# Assignment
Using the records below, copy exactly the part that opens with the line holding "赓续光荣传统,传承时代伟力。" and closes with the line holding "发源于川北大雪山的岷江,进入", minus the pictures.

** Opening Data for review block **

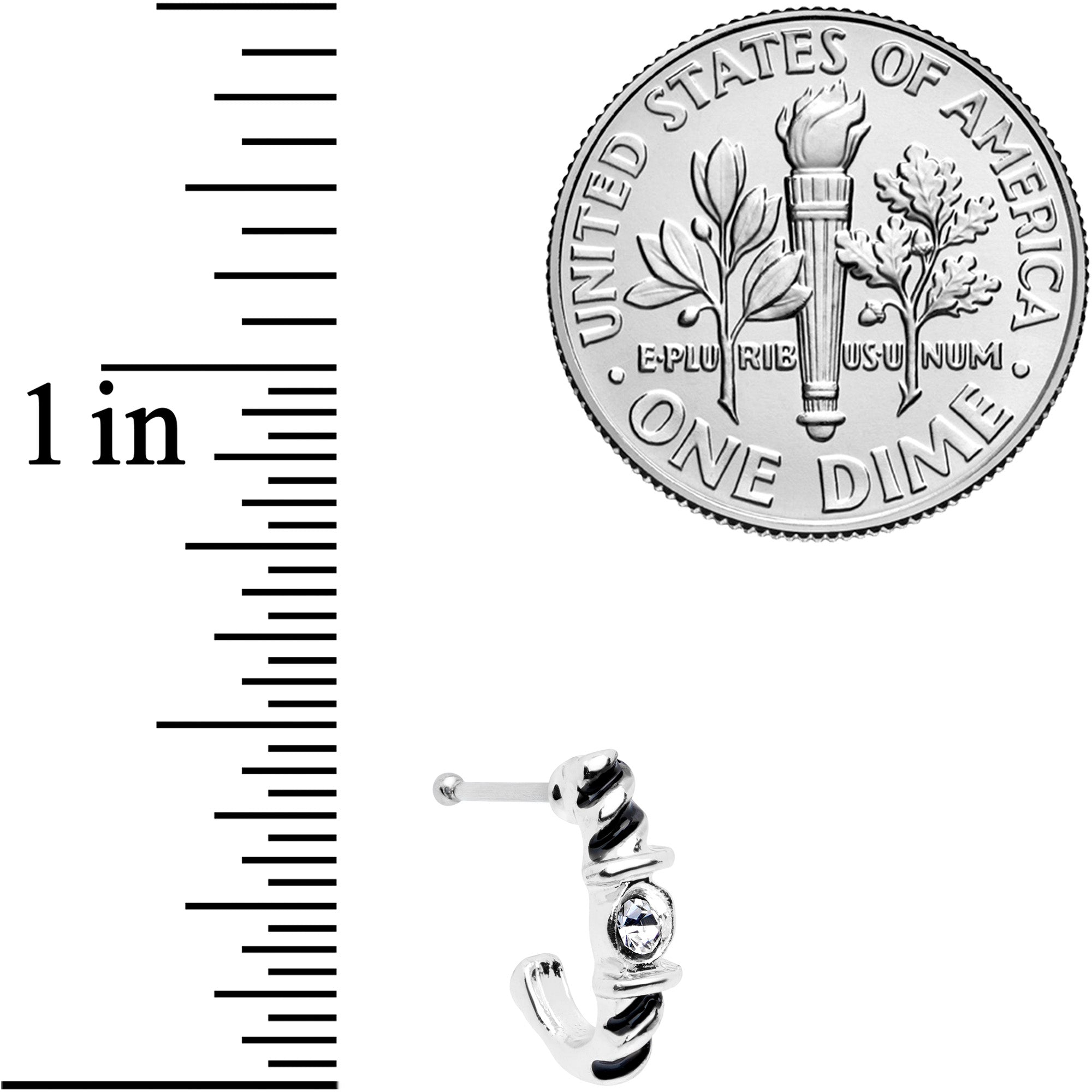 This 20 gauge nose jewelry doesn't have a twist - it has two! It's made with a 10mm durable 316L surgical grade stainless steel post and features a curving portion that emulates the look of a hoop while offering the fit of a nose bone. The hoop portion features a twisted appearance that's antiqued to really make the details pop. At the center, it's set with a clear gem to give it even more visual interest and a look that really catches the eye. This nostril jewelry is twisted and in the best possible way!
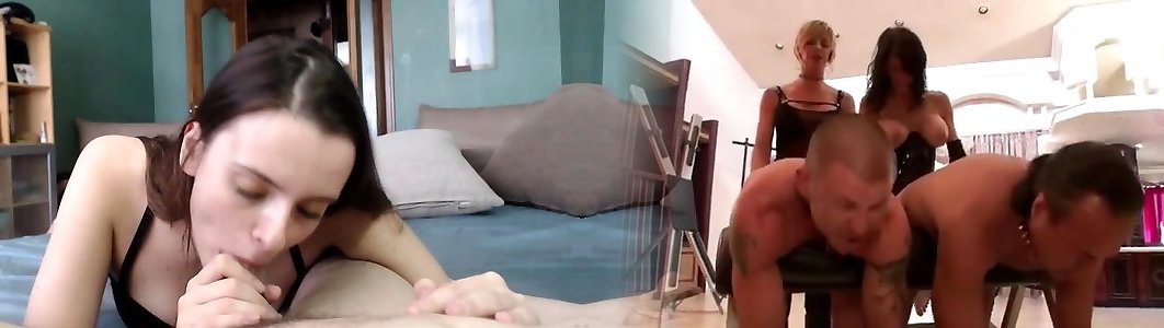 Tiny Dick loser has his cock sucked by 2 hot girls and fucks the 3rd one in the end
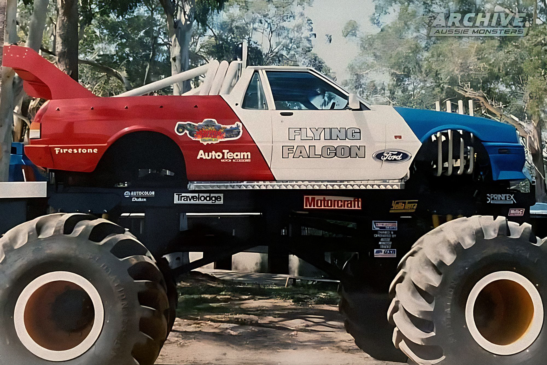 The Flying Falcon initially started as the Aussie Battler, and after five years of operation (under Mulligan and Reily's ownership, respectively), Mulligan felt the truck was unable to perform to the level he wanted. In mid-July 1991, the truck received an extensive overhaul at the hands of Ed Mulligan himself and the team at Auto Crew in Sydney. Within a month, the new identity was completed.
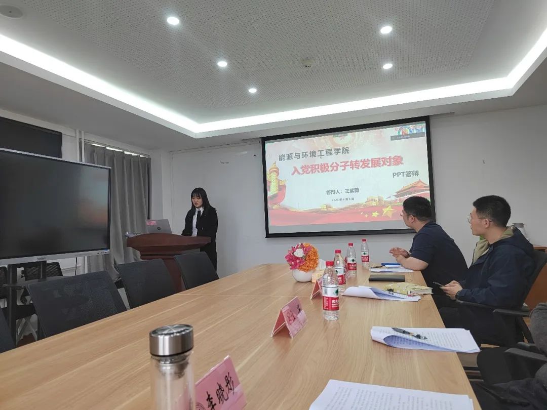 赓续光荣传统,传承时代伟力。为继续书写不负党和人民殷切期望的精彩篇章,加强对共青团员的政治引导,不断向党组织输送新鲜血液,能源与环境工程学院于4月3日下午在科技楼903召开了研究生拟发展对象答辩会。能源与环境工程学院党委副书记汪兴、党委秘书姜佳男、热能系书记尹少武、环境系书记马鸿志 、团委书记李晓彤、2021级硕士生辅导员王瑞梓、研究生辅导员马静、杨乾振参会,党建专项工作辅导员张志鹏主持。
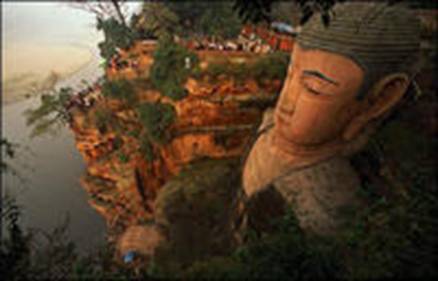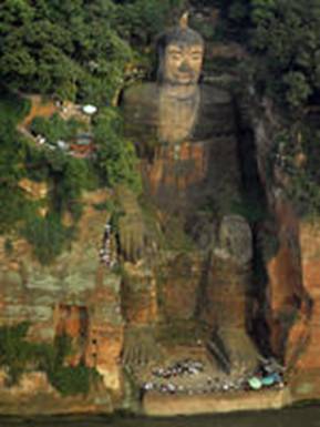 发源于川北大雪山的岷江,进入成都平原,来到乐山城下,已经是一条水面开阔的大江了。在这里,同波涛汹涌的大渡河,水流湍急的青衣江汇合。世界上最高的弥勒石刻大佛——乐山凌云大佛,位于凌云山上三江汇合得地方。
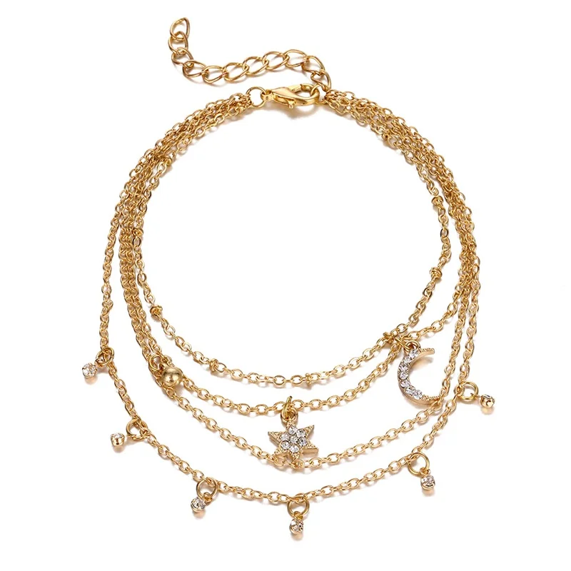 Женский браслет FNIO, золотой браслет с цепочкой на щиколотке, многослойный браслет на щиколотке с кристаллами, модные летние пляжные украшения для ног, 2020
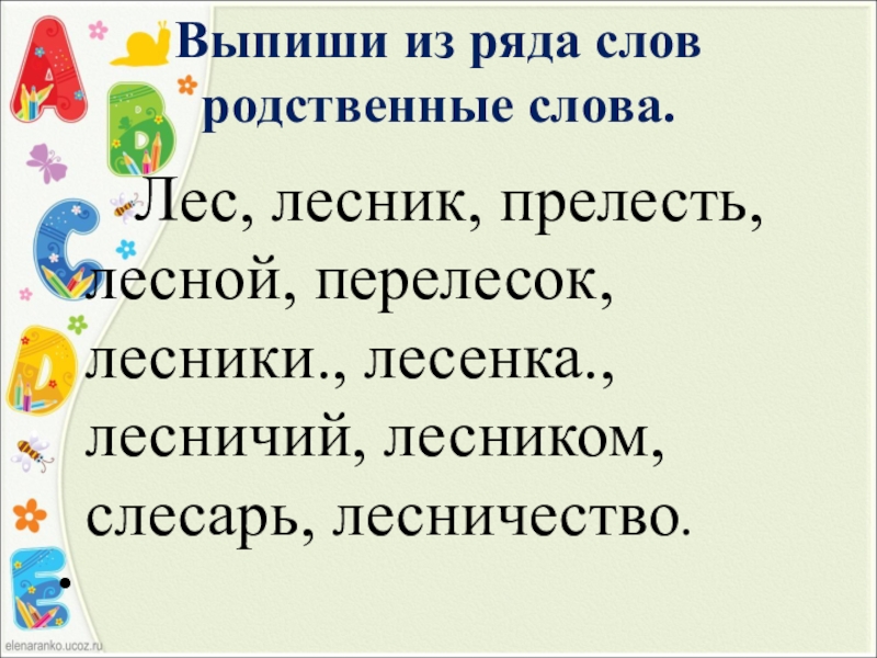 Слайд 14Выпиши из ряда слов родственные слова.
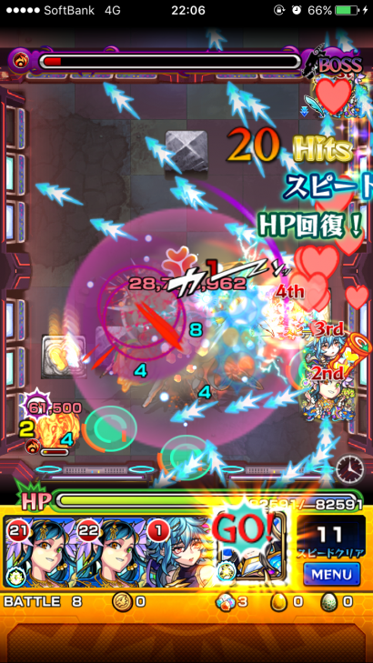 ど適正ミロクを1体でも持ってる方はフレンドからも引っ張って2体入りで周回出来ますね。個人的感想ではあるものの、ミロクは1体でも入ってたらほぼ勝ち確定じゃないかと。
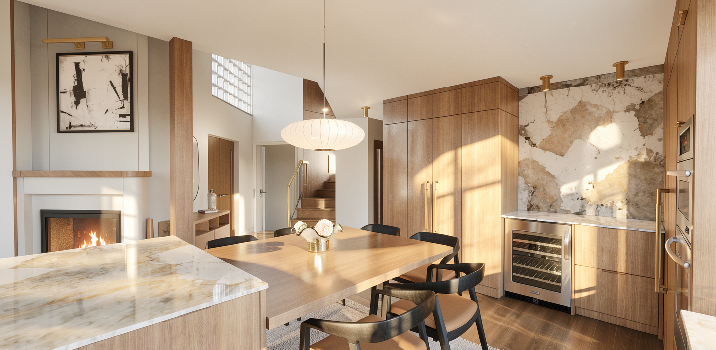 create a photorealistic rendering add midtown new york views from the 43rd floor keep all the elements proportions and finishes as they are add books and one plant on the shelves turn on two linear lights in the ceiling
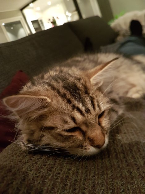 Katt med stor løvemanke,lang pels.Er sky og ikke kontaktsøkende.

** Closing Data for review block **

# Result of this exercise
 赓续光荣传统,传承时代伟力。为继续书写不负党和人民殷切期望的精彩篇章,加强对共青团员的政治引导,不断向党组织输送新鲜血液,能源与环境工程学院于4月3日下午在科技楼903召开了研究生拟发展对象答辩会。能源与环境工程学院党委副书记汪兴、党委秘书姜佳男、热能系书记尹少武、环境系书记马鸿志 、团委书记李晓彤、2021级硕士生辅导员王瑞梓、研究生辅导员马静、杨乾振参会,党建专项工作辅导员张志鹏主持。
 发源于川北大雪山的岷江,进入成都平原,来到乐山城下,已经是一条水面开阔的大江了。在这里,同波涛汹涌的大渡河,水流湍急的青衣江汇合。世界上最高的弥勒石刻大佛——乐山凌云大佛,位于凌云山上三江汇合得地方。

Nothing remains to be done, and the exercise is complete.